Friends of Yad Vashem in Austria seeks to display information about Righteous Among the Nations at dictator’s former home, as government turns building into police station

A man points his finger at a screen showing the chosen plan for the architectural redesign of Adolf Hitler's birth house, during a press conference at the Interior ministry in Vienna, Austria on June 2, 2020. (Joe Klamar/AFP)
A man points his finger at a screen showing the chosen plan for the architectural redesign of Adolf Hitler's birth house, during a press conference at the Interior ministry in Vienna, Austria on June 2, 2020. (Joe Klamar/AFP)

Two weeks before Austrian authorities commence a much-anticipated renovation of the birth site of Nazi dictator Adolf Hitler, a local group announced Wednesday that it would like to permanently place at the house a mobile exhibit about non-Jews honored for saving Jews during World War II.

Friends of Yad Vashem in Austria made the announcement in a press conference in the city of Linz, saying it was interested in donating its exhibit about Austria’s Righteous Among the Nations, which has been traveling throughout the country for the past 10 years, Austrian media and Israel’s Kan public broadcaster reported.

The local group made the proposal on its own, without coordinating with Israel’s Yad Vashem, the national Holocaust museum and memorial based in Jerusalem.

Following years of legal wrangling, the Austrian government decided to turn the house in the northern Austrian town of Braunau Am Inn, where Hitler was born in 1889, into a police station with a human rights training center. The estate had over the years become a point of interest for neo-Nazis, and the government took control of the dilapidated building in 2016 to change that.

However, Kan quoted local resident Eveline Doll, one of the leaders of the initiative to bring the Yad Vashem exhibit to the building, as saying: “Police is a negative symbol. Of course, the Austrian police today is very different from back then, but the symbolism here is glaring.”

Doll dismissed authorities’ claim that the building would house a human rights center, claiming that it was too small to host such an institution, as well as a police station.

Austria’s Interior Ministry did not respond to a request that it halt the renovation, and suggested that the Holocaust display be exhibited at different police stations. Friends of Yad Vashem in Austria rejected the proposal, Kan reported.

Yad Vashem in Israel said the proposal was the Austrian branch’s initiative and had “good intentions,” but that the Holocaust center in Israel was not involved.

Austria’s Interior Ministry said last month that the house’s redesign will start on October 2.

The plan had already stoked controversy, after Austrian director Guenter Schwaiger, who is due to release a documentary about the house in late August, said the ministry’s plans for the house’s future use will “always be suspected” of being “in line with the dictator’s wishes.”

As evidence, Schwaiger cited the discovery of a local newspaper article from May 10, 1939, which stated that it was Hitler’s wish to have his birth house converted into offices for the district authorities.
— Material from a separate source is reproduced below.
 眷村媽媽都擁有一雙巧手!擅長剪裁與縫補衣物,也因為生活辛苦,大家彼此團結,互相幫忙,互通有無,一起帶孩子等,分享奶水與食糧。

The controversial redesign of the 800-square-meter (8,600-square-feet) corner house is currently estimated to cost some 20 million euros ($21.76 million) and is expected to be completed by 2025.

The police station is to become operational by 2026.

Although Hitler only spent a short time at the property, it has continued to draw Nazi sympathizers from around the world.

Germany annexed Austria in 1938, and although many top Nazis from Hitler downward were Austrians, historians say the small Alpine country was slow to acknowledge for many years its shared responsibility for the Holocaust and the other crimes of the Nazis before and during World War II.